Objective: To study the correlation of azoospermia and severe oligozoospermia with Y chromosome microdeletions, chromosome karyotype and reproductive hormones in male infertility patients.
Methods: We collected semen samples from 63 patients with azoospermia, 49 with severe oligozoospermia and 60 men with normal semen parameters, and determined the incidence of Y chromosome microdeletions, chromosome karyotypes and the levels of reproductive hormones.

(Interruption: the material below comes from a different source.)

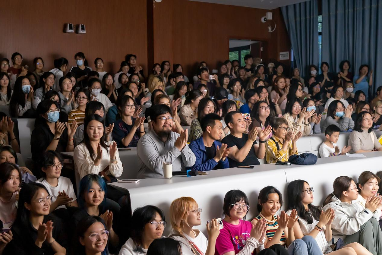 表演余尾,满头大汗的秦礼刚拿着正反角色的两个皮影人从幕后走向幕前,结合自身成长与演出经历向师生介绍国家级非遗项目云梦皮影,以及为皮影传承创新和对外文化交流方面作出的努力,道出了他人生在戏里,戏里有人生的真切体悟。秦礼刚还勉励青年大学生们,要坚定文化自信,勇敢站出来,自觉坚守住祖辈们留下来的技艺绝活,做时代迭变与代际转型中连接传统之美的新生代,让皮影戏焕发新生机。
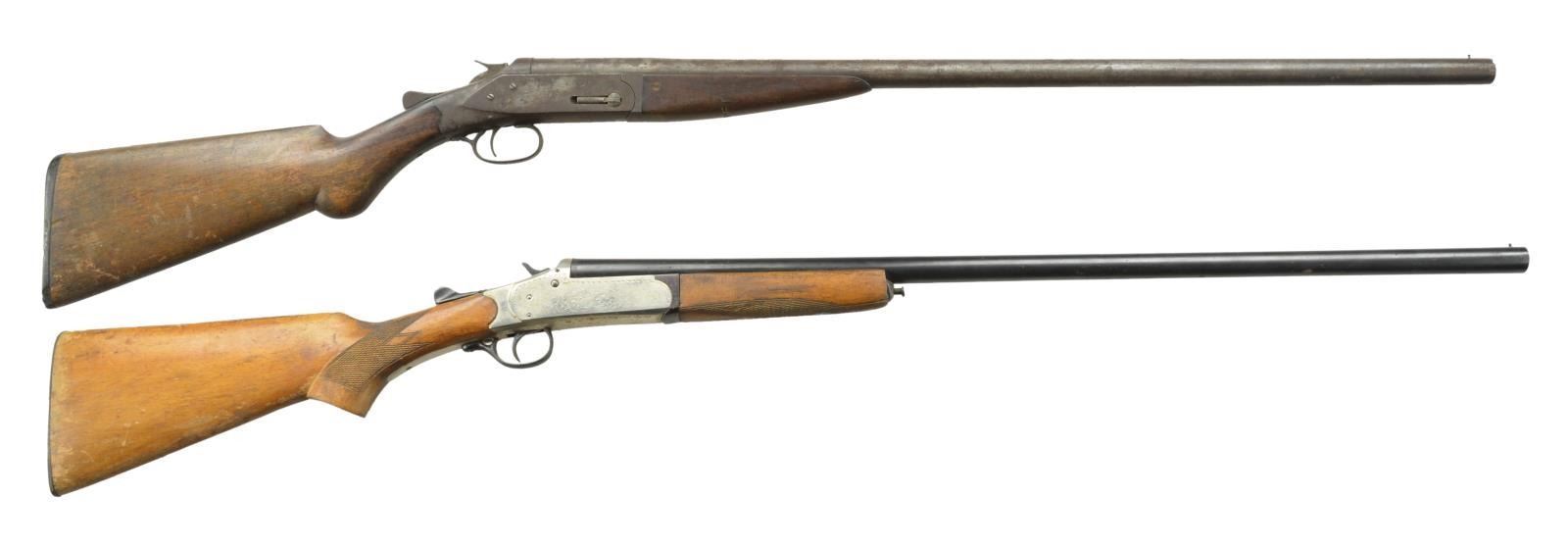 2) SPRINGFIELD / STEVENS 94B. Cal. 16 Ga. NSN. Bbl. 28" w/ bright bead & Mod choke. Blue bbl. Case colored receiver. Plastic trigger guard. Walnut stock set. CONDITION: Very good blue. Good case colors. Good wood. Shiny bore. (22-837/MD). CURIO.

Results: The incidence rate of Y chromosome microdeletions was 11.11% in the azoospermia and 8.16% in the severe oligozoospermia patients, as compared with 0 in the normal controls (P<0.05). The rate of chromosome abnormalities was 9.52% in the azoospermia group, with statistically significant differences from the severe oligozoospermia and normal control men (both 0) (P<0.05). The levels of FSH and LH were significantly higher in the azoospermia ([20.41 +/- 19.34] IU/L and [11.44 +/- 9.48] IU/L) and the severe oligozoospermia patients ([8.88 +/- 7.04] IU/L and [6.78 +/- 3.85] IU/L) than in the normal males ([3.88 +/- 2.21] IU/L and [4.63 +/- 1.51] IU/L) (P<0.05).
Conclusion: Examinations of genetics and reproductive hormones are necessary for infertile males with azoospermia and severe oligozoospermia, which may contribute to early diagnosis and treatment.